Everything must go in the great London 2012 auction as thousands of mementoes, from javelins hurled inside the Olympic Stadium to the over-sized Wenlock mascot planted in Westminster Abbey, are sold off to collectors in an eBay-style sale.

Locog has approved an Official London 2012 Auction Site which will allow fans to “own a piece of Olympic history” - and help the organising committee meet its share of the £2 billion cost of staging the Games and the nationwide Torch relay.

The most popular items, authenticated with an official Games hologram, include the basketball nets, shot puts, shuttlecocks, hockey balls and other equipment rescued after medal events.

Danny Boyle’s Opening Ceremony has also been mined for items of value. Bids had risen to £315 by Friday afternoon for a complete black Mary Poppins costume worn by an aerial cast member during the scene in which the fictional nanny saved children from the evil Voldemort.

Workers’ banners, a farmer’s sickle and a floral Summer maypole used in sequences illustrating Britain’s transition to an industrial society are also available.

Mementoes from the Games more controversial events will be placed on the site, the organisers promised, including the score sheets from the Badminton women’s doubles matches which led to the disqualification of eight players for seeking to manipulate the knock-out stages draw.

Boxers who launched protests against baffling decisions involving Azerbaijani fighters will be able to bid for the judges’ original scorecards.

Items from the Olympic Village will follow, once the athletes have left town. Jon Curleigh, Director at Innovative Sports Limited, the company operating the auction, said: “The best is yet to come. There will be tens of thousands of items available. We won’t have the sheets that Usain Bolt slept in but people will be amazed at what they can get their hands on.”

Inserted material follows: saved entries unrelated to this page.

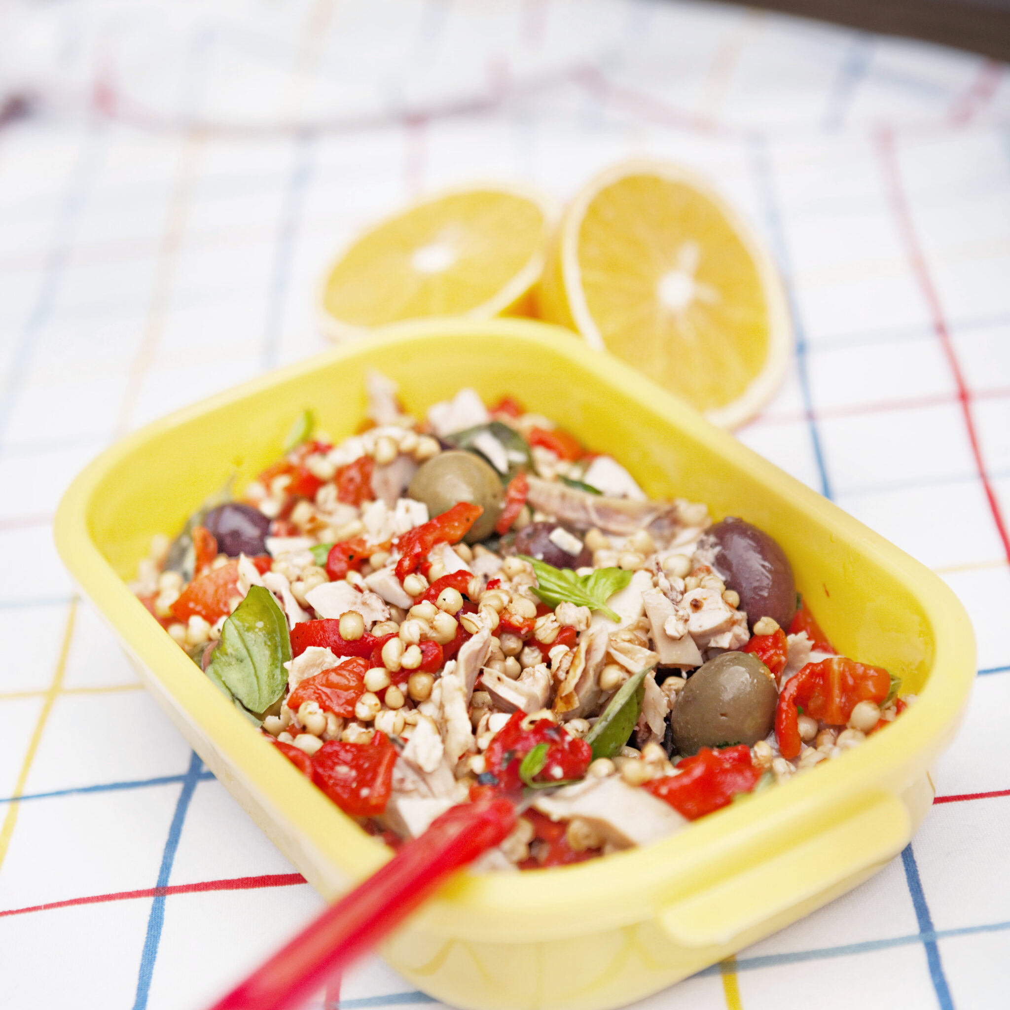 Kycklingsallad med matvete och grillad paprika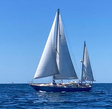 A Camper & Nicholson is a keel rudder boat, and they are very different to handle than a full keel boat. A full keel boat has that long backbone under her, and she will track in a way you can feel. A keel rudder boat is more responsive, but in tight water, shallow water, and heavy wind, she will make you work for every foot.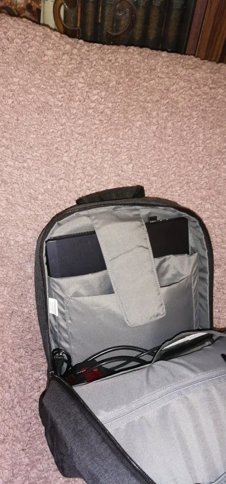 Рюкзак крутой, зарядка работает, только небольшого обьема. Но мужу на работу под обед и компьютер самое оно)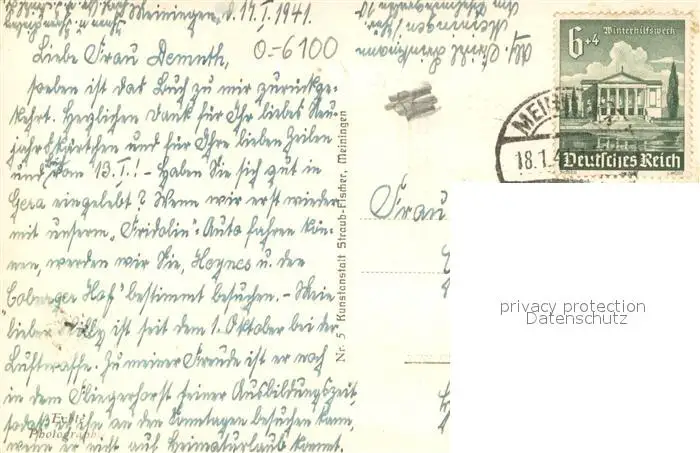 Meiningen_Thueringen Partie am Landestheater Meiningen Thueringen postalisch gelaufen 1941 Erhaltung siehe scans [FriedD77] Frierer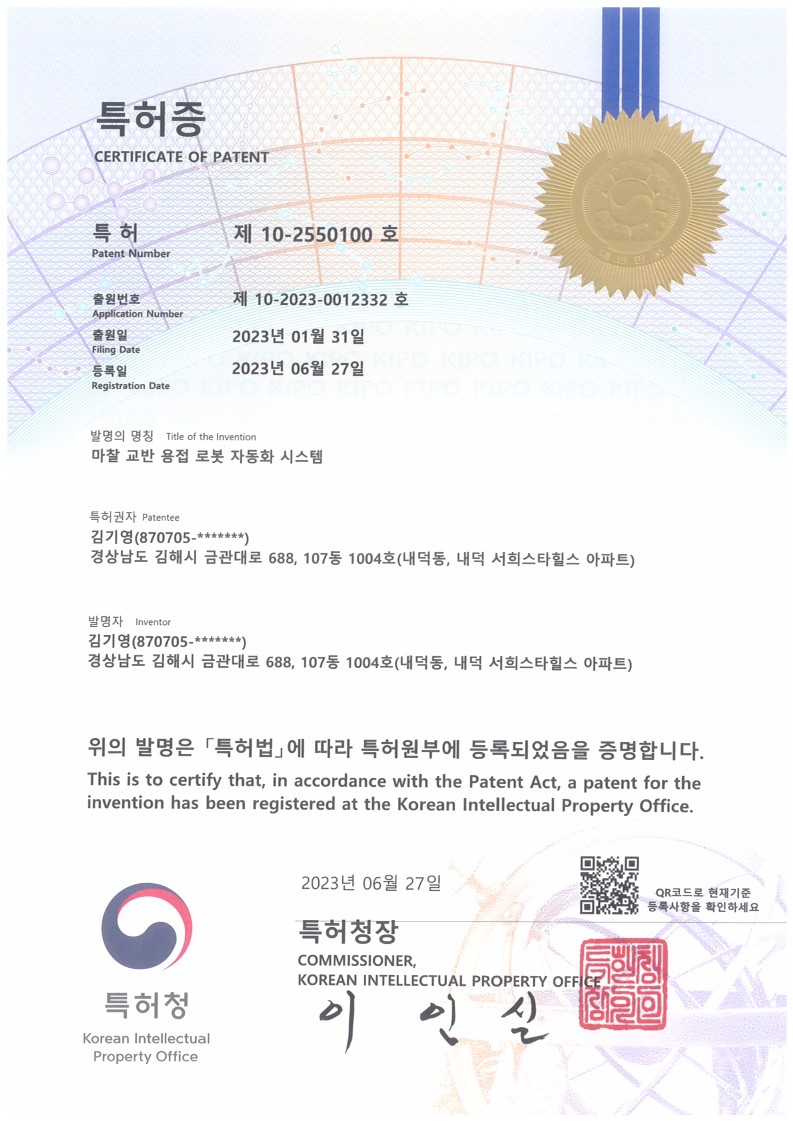 특허증(마찰 교반 용접 로봇 자동화 시스템) 페이지 정보 작성자 운영자 작성일23-07-07 16:13 조회162회 댓글0건 이전글 다음글 목록 답변 본문 특허증(마찰 교반 용접 로봇 자동화 시스템) 이전글 다음글 목록 답변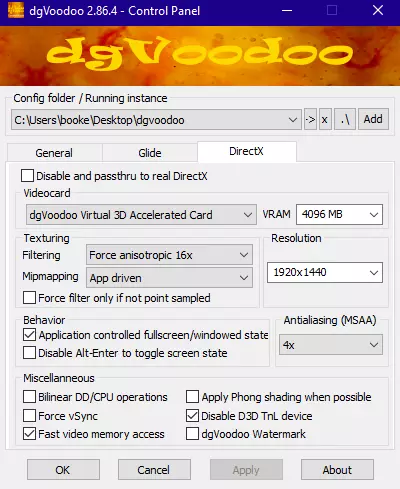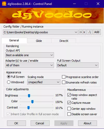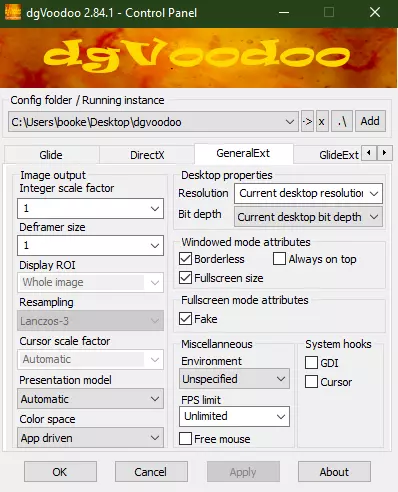 1. 从创作者网站下载DgVoodoo 2 2. 解压文件 3. 打开dgVoodooCpl.exe DgVoodoo 2设置 1. 打开控制面板后,在【常规】选项卡中复制这些设置。你可以根据自己的喜好设置颜色,但我个人的设置看起来效果更好。确保适配器设置为你的主显卡。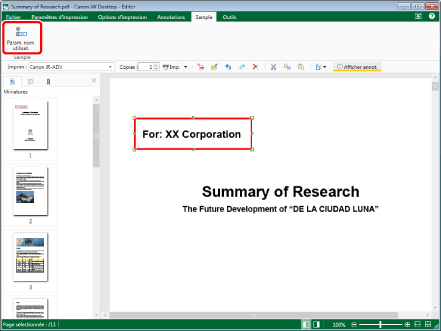 Cette opération peut également être effectuée avec les boutons d'outils de la barre d'outils. Si les boutons d'outils ne sont pas affichés sur la barre d'outils de Desktop Editor, consulter les rubriques suivantes pour les afficher.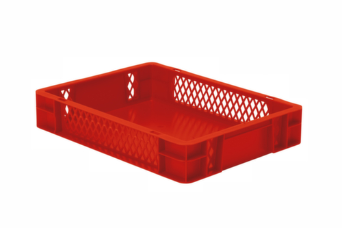 Maßlich auf die Europalette abgestimmt. Aus bruchsicherem Polypropylen in rot. Wände durchbrochen, Boden geschlossen. Mehrfach stapelbar. Lebensmittelgeeignet. Für Rollenbahnen geeignet. Temperaturbeständig -20 °C bis +80 °C.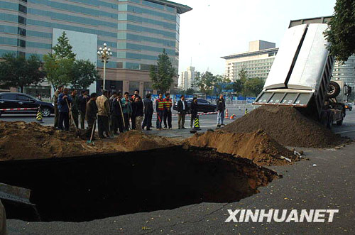 10月17日,施工人员在对塌陷路面进行抢修。

Could a bidder with deep pockets find the world’s largest, harmonically-tuned bell, rung by Bradley Wiggins to launch the Opening Ceremony, delivered to their front door? “We have a very special plan for that,” said Curleigh.

Locog officials are on hand to wrest relay batons and other items of value from athletes. Bids of £3,000 are already logged for the basketball used in the men’s Gold medal final, days before it takes place.

Complete medal presentation podiums will be sold. But Mr Curleigh said that items of national importance, such as the flag carried by Sir Chris Hoy into the Olympic Stadium, would be preserved in a Team GB museum on the Olympic site.

Some medal-winning athletes may be reluctant to hand over match-winning balls or boxing gloves at their moment of triumph. “We won’t take the vest off your back,” Mr Curleigh promised. The tennis balls used by Andy Murray in his Gold-winning defeat of Roger Federer will be sold and are expected to go for more than £1,000 each.

Bradley Wiggins is proving the most popular British athlete on the auction site - a signed limited edition Torch has already gone for £13,000. A 126kg life-size steel sculpture of the champion cyclist on his bike is heading for a £5,000 sale. “There are some cumbersome items that you will probably have to put in the garden,” Mr Curleigh conceded.